余裕がある場合は8ビットビルドを選ぶと品質を上げられます。ただし、メモリ不足でスワップが発生すると大きく遅くなるため、まずは4ビットで安定動作を確認するのが安全です。
どの無料方法を選ぶべきか?
用途別の選び方は次のとおりです。
- まず触ってみたいだけ: Hugging Face Space
- アプリからローカルAPIとして呼びたい: Ollama
- ターミナルを使いたくない: LM Studio
- 軽量な構成にしたい: llama.cpp
- Pythonで細かく制御したい: Hugging Face Transformers
- ノートブックやファインチューニングをしたい: Transformers + 無料Colab GPU
- スマートフォンやエッジデバイスで動かしたい: Google AI Edge
多くの開発者にとっては、日常的なローカルAPI用途にOllama、実験や細かい制御にTransformers、という組み合わせが扱いやすいです。
無料のローカルGemmaを実用的に使うコツ
- 量子化をRAMに合わせる。 メモリ不足でスワップすると推論が大幅に遅くなります。最初は4ビットが安全です。
-
難しい問題では思考モードを使う。 数学や多段階推論では
enable_thinking=True、通常のチャットではFalseにして速度を優先します。 - コンテキストを増やしすぎない。 256Kウィンドウは大きいですが、長いログ、議事録、コードベースを入れるとすぐに膨らみます。

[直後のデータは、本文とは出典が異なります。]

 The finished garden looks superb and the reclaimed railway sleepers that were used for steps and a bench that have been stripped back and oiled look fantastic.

- 先にApidogでリクエストを検証する。 アプリ実装前にJSON形式、ストリーミング、エラーケースを確認します。
- 他の無料モデルと同じ構成で比較する。 同じローカルAPI検証パターンは、Qwen 3.7、MiniMax M3、Claude Opus 4.8のアクセスパスでも使えます。
よくある質問
Gemma 4 12Bは本当に無料ですか?
はい。Apache 2.0オープンウェイトで、商用利用を含め無料でダウンロードして実行できます。費用が発生するのは、実行に使うローカルハードウェアまたはクラウド環境です。
GPUは必要ですか?
必須ではありません。ただし、GPUがある方が高速です。4ビットビルドは8GB GPUまたは16GBユニファイドメモリのMacで動作します。CPUのみでも動きますが、推論速度は遅くなります。

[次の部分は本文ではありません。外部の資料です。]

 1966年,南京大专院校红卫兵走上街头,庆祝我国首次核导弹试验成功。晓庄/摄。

Google AI StudioでGemma 4 12Bを使えますか?
現在はできません。AI Studioでは、無料ブラウザチャット用に31Bおよび26Bモデルがホストされています。12Bはローカルおよびオンデバイス利用向けのため、この記事で紹介した方法で自分の環境にセットアップします。
ローカルAPIにAPIキーは必要ですか?
不要です。Ollamaとllama.cppはキーなしでlocalhostにモデルを公開します。ツール側がAPIキー入力を求める場合は、任意のプレースホルダー文字列を入れてください。ローカルサーバー側では無視されます。
既存のOpenAIコードから呼び出せますか?
はい。Ollamaとllama.cppはOpenAI互換エンドポイントを公開します。ベースURLを次のいずれかに変更すれば、既存コードを大きく変えずに使えます。
http://localhost:11434/v1 # Ollama
http://localhost:8080/v1 # llama.cpp
画像や音声入力はどう扱いますか?
マルチモーダル入力をサポートするTransformers、LM Studio、またはAI Edgeアプリを使います。Transformersでは、メッセージのcontentに画像、テキスト、音声の要素を順に追加して渡します。
Ollamaとllama.cppはどちらが速いですか?
どちらも同じ系統の基盤エンジンを使います。llama.cppはオーバーヘッドが少なくチューニング項目も多い一方、Ollamaはセットアップが簡単です。ほとんどの用途では、まずOllamaで始め、必要に応じてllama.cppへ移行するのが現実的です。